Give again, word for word, the lines below that run from the line with "索比光伏网讯:2013年9月" through the line with "The umbrella base". Drop the pictures.

_RECORDS TO USE_
Content starts

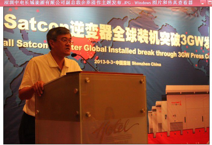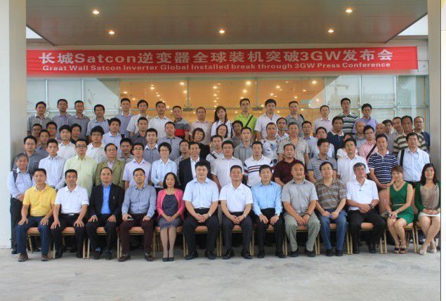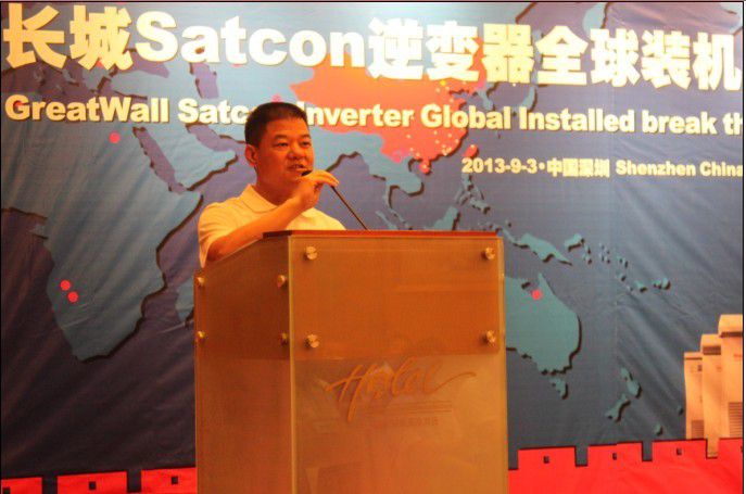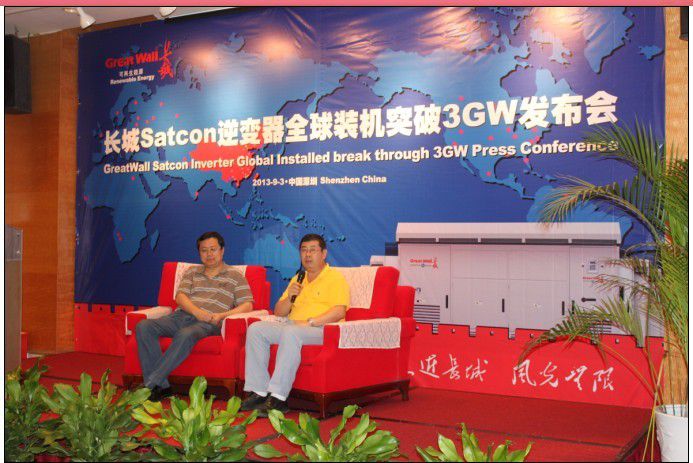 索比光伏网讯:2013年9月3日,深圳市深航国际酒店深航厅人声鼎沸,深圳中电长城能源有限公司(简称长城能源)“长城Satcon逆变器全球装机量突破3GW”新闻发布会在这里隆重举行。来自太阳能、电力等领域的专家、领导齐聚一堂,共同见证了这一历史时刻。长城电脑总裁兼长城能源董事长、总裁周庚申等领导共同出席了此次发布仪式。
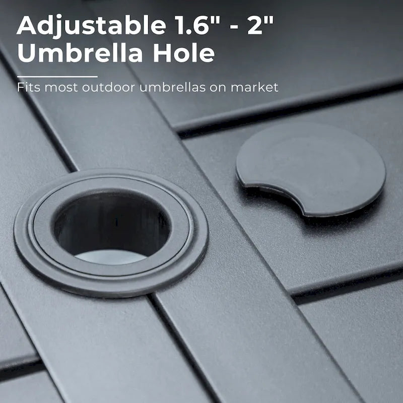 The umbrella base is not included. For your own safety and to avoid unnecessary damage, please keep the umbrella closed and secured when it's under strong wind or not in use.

Content ends
Content starts

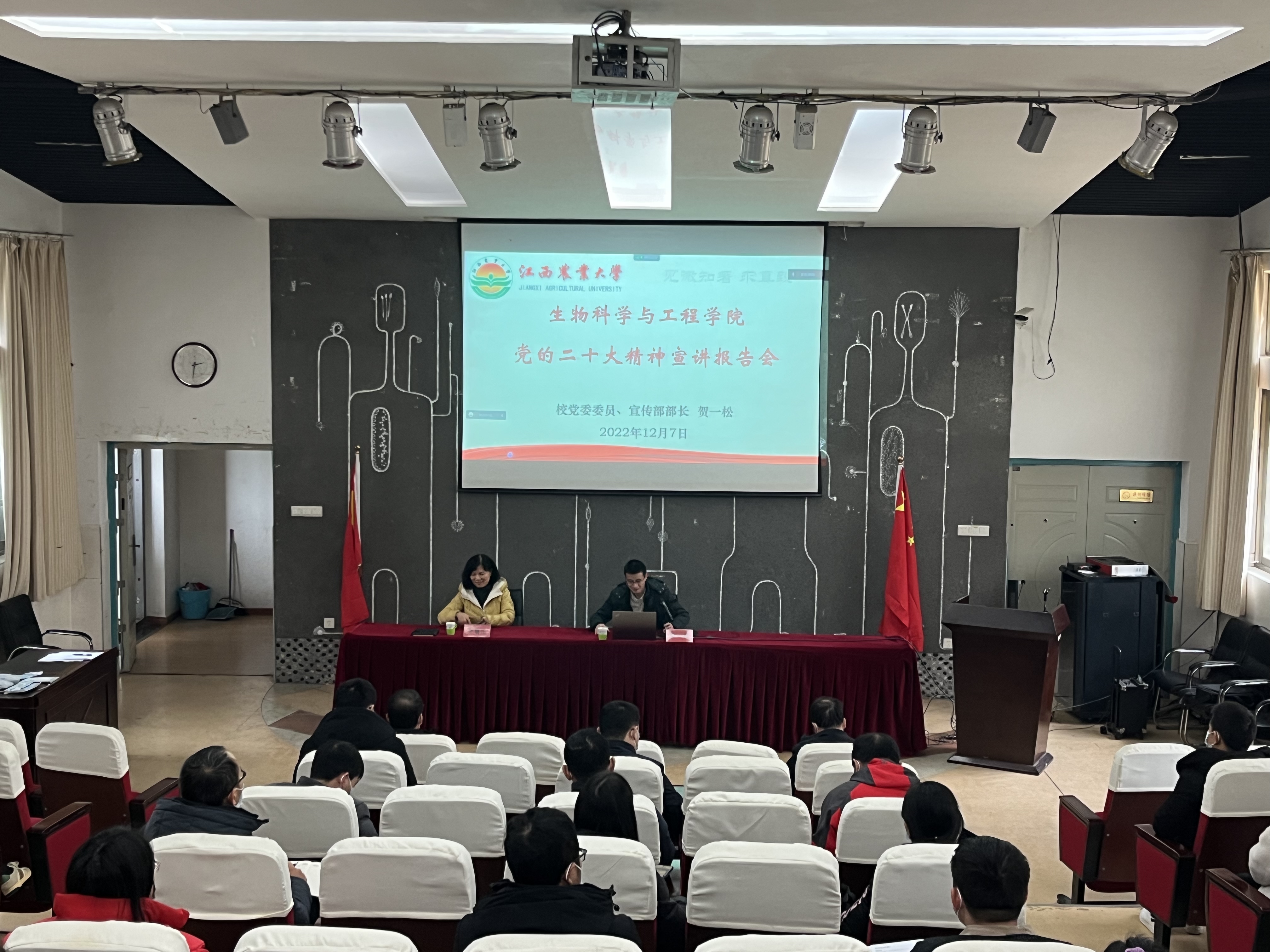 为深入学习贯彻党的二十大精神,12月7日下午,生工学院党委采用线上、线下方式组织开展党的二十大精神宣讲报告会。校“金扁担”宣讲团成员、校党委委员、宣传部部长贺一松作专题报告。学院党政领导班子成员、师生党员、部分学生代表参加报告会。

Content ends

_THE ANSWER_
 索比光伏网讯:2013年9月3日,深圳市深航国际酒店深航厅人声鼎沸,深圳中电长城能源有限公司(简称长城能源)“长城Satcon逆变器全球装机量突破3GW”新闻发布会在这里隆重举行。来自太阳能、电力等领域的专家、领导齐聚一堂,共同见证了这一历史时刻。长城电脑总裁兼长城能源董事长、总裁周庚申等领导共同出席了此次发布仪式。
 The umbrella base is not included. For your own safety and to avoid unnecessary damage, please keep the umbrella closed and secured when it's under strong wind or not in use.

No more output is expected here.